■ PROBLEM DETAILS
What is needed is an exact repeat of the lines from the one holding "2025年8月1日,嘉兴市经" through the final line of the data, with no pictures.

■ COLLECTED MATERIAL

········

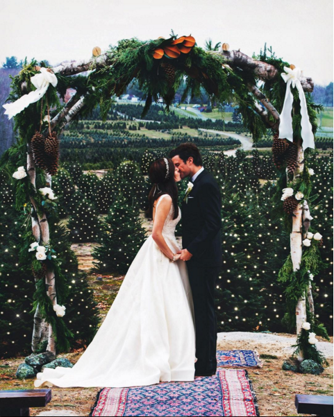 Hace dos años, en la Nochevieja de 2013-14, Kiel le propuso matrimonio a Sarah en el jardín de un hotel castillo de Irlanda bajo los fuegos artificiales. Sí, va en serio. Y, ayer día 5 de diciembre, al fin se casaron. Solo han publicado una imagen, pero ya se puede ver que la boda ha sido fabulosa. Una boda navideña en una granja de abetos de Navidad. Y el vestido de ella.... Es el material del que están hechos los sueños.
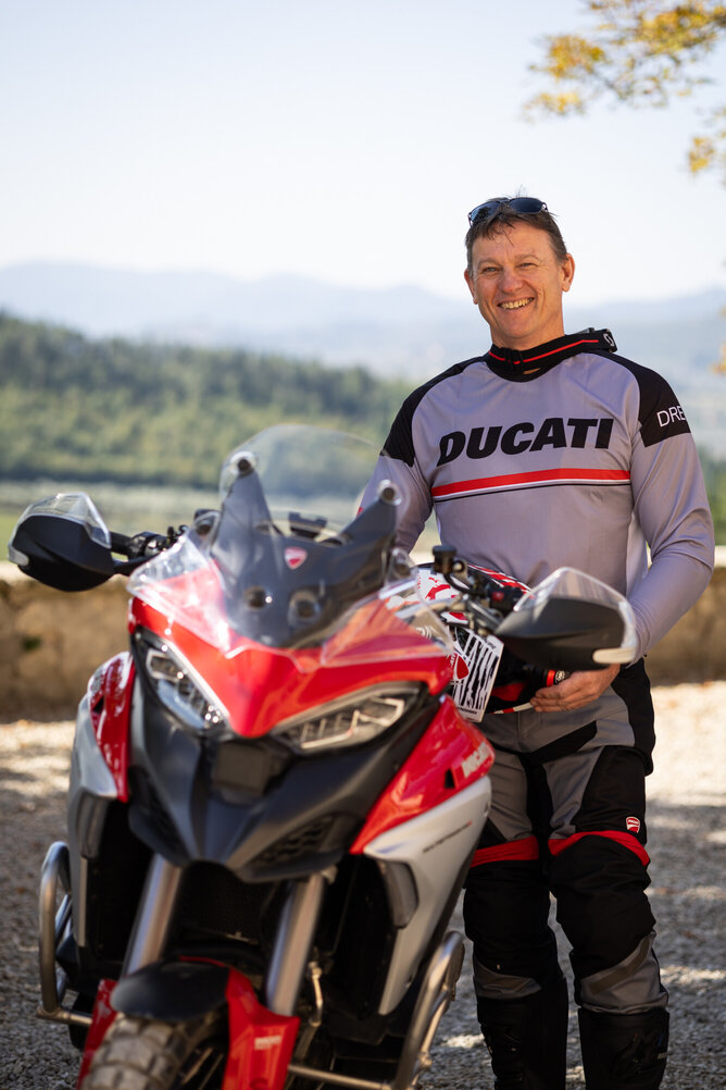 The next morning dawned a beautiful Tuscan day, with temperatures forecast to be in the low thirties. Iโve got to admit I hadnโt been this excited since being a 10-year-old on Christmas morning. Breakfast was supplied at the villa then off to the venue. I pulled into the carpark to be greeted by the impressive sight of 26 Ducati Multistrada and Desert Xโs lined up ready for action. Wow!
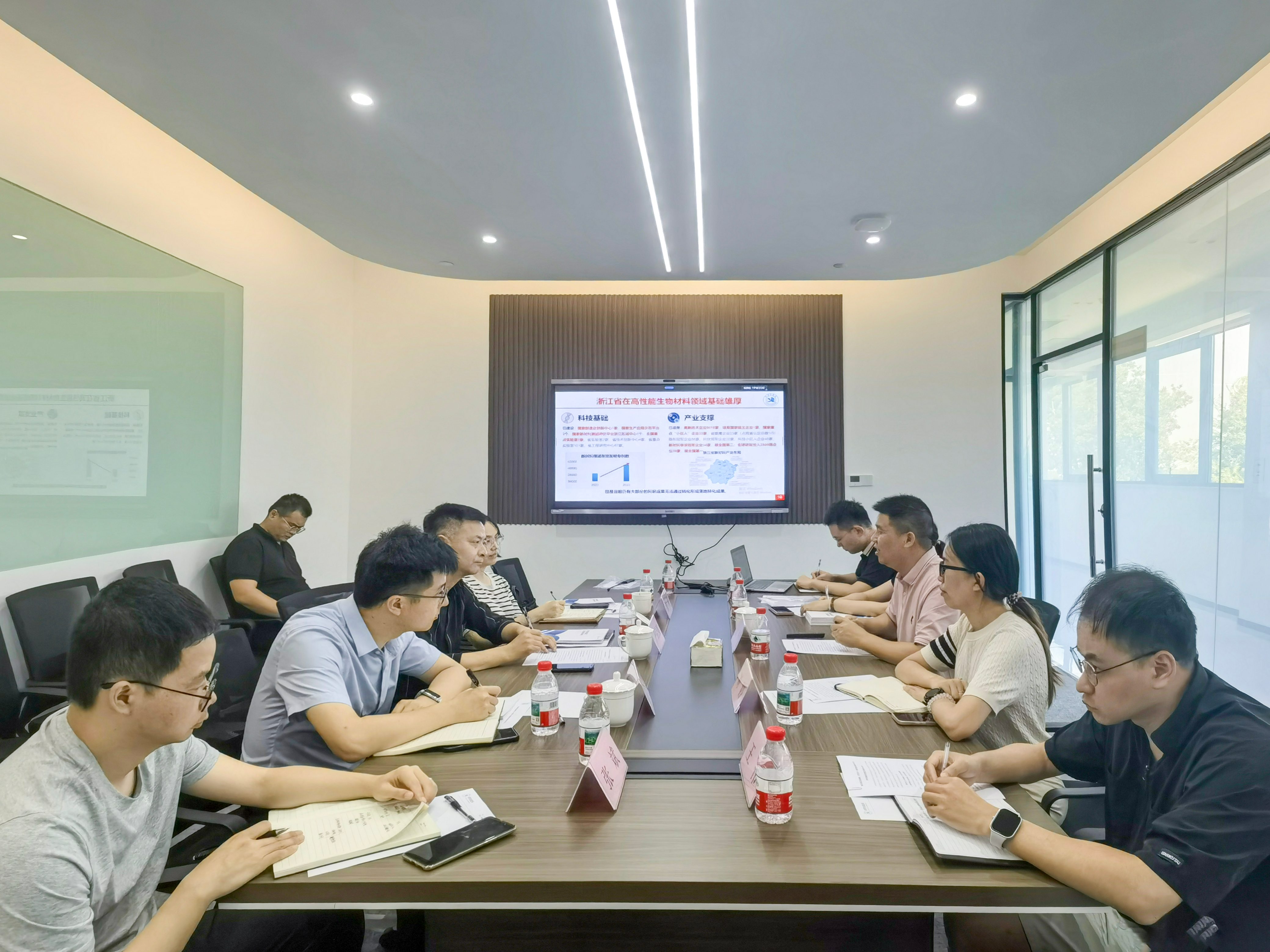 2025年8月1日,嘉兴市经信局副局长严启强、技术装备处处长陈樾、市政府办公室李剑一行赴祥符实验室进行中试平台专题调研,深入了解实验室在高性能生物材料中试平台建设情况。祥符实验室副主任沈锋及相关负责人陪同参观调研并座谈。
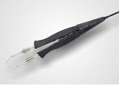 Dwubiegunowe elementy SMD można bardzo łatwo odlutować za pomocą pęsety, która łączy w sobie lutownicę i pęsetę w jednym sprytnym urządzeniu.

········

■ RESPONSE AREA
 2025年8月1日,嘉兴市经信局副局长严启强、技术装备处处长陈樾、市政府办公室李剑一行赴祥符实验室进行中试平台专题调研,深入了解实验室在高性能生物材料中试平台建设情况。祥符实验室副主任沈锋及相关负责人陪同参观调研并座谈。
 Dwubiegunowe elementy SMD można bardzo łatwo odlutować za pomocą pęsety, która łączy w sobie lutownicę i pęsetę w jednym sprytnym urządzeniu.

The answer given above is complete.